Do Elections Guarantee Freedom?

That’s a rhetorical question, right?

Actually, it’s the title of the most recently posted article of mine from the Future of Freedom Foundation’s Freedom Daily.

Even though elections did not guarantee freedom in the past, we can be confident they will do so this year because [redacted by FBI web editor]

DO ELECTIONS GUARANTEE FREEDOM?     Freedom Daily, November 2007

by James Bovard

Elections are sometimes portrayed as practically giving people automatic “remote control” on the government. Elections kindly provide a chance for people to pre-program the government for the following years. The government will be based on the popular will, regardless of the ignorance of the populace or the duplicity of the government.

President Lyndon Johnson declared in 1965 that “the vote is the most powerful instrument ever devised by man for breaking down injustice and destroying the terrible walls which imprison men because they are different from other men.” But the fact that voting rights helped undermine Jim Crow restrictions on blacks did not prevent the government from ladling new restrictions and burdens on all citizens. During the election campaign the prior year, Johnson had promised, “We are not about to send American boys 9,000 or 10,000 miles away to do what Asian boys ought to be doing to protect themselves.” The fact that parents could vote for or against Johnson did nothing to stop him from betraying his promise and sending their sons to die.

In his 1989 farewell address, President Ronald Reagan asserted,  ““We the People” tell the government what to do, it doesn’t tell us. “We the people” are the driver — the government is the car. And we decide where it should go, and by what route, and how fast. ”

But the American people did not choose to “drive” into Beirut and get hundreds of Marines blown up, choose to run up the largest budget deficits in American history, provide thousands of anti-tank weapons to Ayatollah Khomeni, or have a slew of top political appointees either lie or get caught in conflicts of interest or other abuses of power or ethical quandaries between 1981 and 1988.

On the eve of his 1992 election debacle, President George H.W. Bush told a Texas audience,  “And tomorrow, you participate in a ritual, a sacred ritual of stewardship…. With your vote, you are going to help shape the future of this, the most blessed, special nation that man has ever known and God has helped create. And so, look at your vote — especially the young people — look at your vote as an act of power, a statement of principle.”

Yet few of the people who voted the following day were making a statement of principle in favor of permitting the president to deploy troops (or additional troops) abroad on his whim (as Clinton did in Somalia, Haiti, Bosnia, Kosovo, and elsewhere), permitting the government to waive the Posse Comitatus Act and use military equipment against American civilians (as happened at Waco), or permitting the government to vastly increase its surveillance of the American people. Yet voting in the 1992 election was still “a statement of principle,” regardless of how much the winner scorned the voters’ principles.

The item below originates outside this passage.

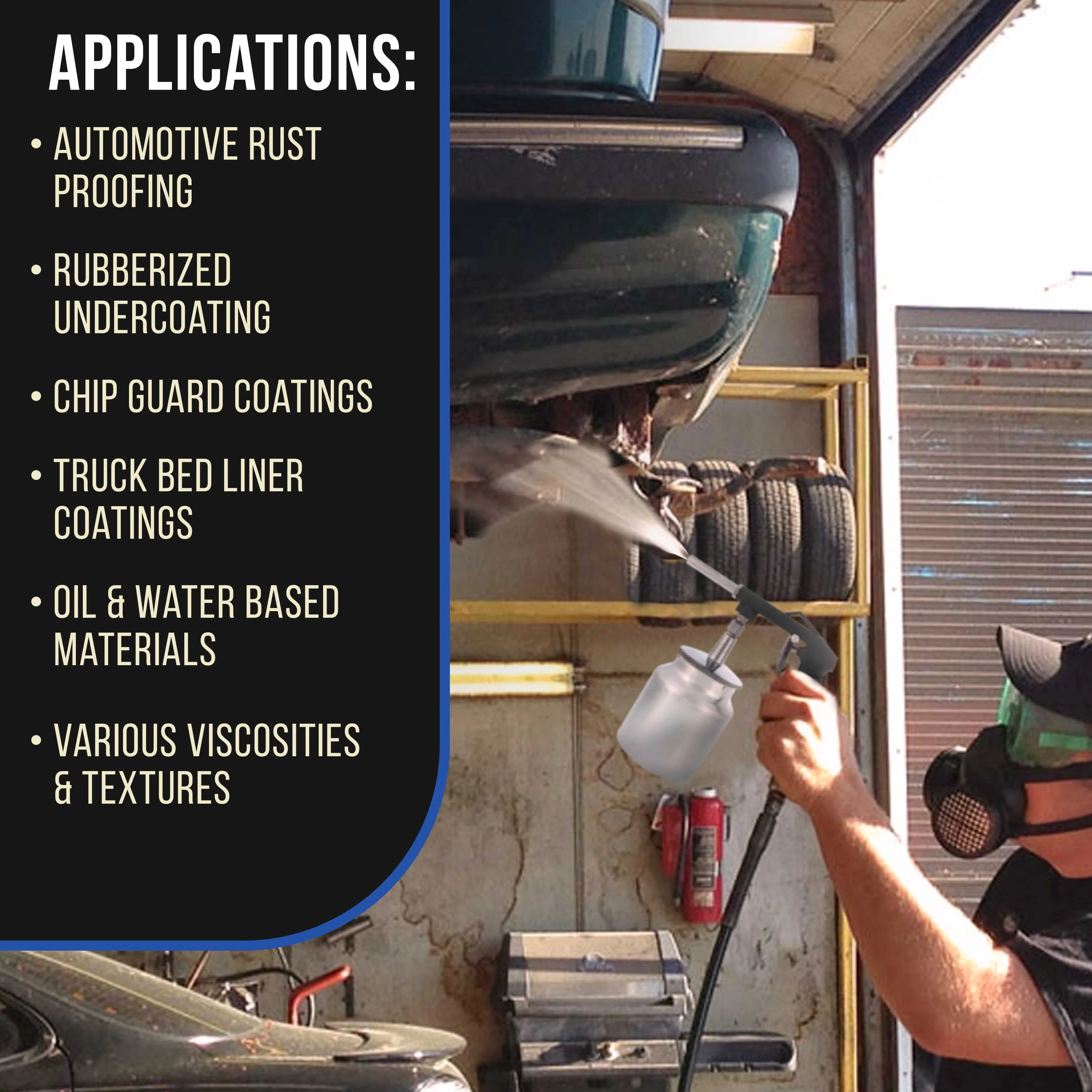 Master Elite Air Undercoating Spray Gun with Regulator & Suction Feed Cup - Apply Sprayable Truck Bed Liner Coating, Rubberized Undercoat, Rust Proofing Paint, Pneumatic Automotive Application Sprayer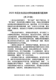 2025年民主生活会对照检查查摆问题清单(共24条).docx

Two days after his 2004 reelection victory, President George W. Bush declared, “When you win, there is a feeling that the people have spoken and embraced your point of view … and the people made it clear what they wanted. ”

But did voters on November 2,, 2004  “consent” to the destruction of Fallujah in the following weeks? Did they consent to the nomination of a Homeland Security czar who was openly hostile to any criticism of politicians? Did Bush’s National Rifle Association supporters consent to his nominating a man for attorney general who advocated far more federal restrictions on gun ownership? Did voters consent to the illegal wiretapping of the chief of the UN International Atomic Energy Agency, as the Bush administration sought to discredit and remove an impediment to a U.S. war on Iran? If Bush had made “ending tyranny everywhere via preemptive U.S. military attacks” the theme for his fall 2004 campaign, he very likely would have lost the election. Instead, he downplayed this notion — until his second inaugural address.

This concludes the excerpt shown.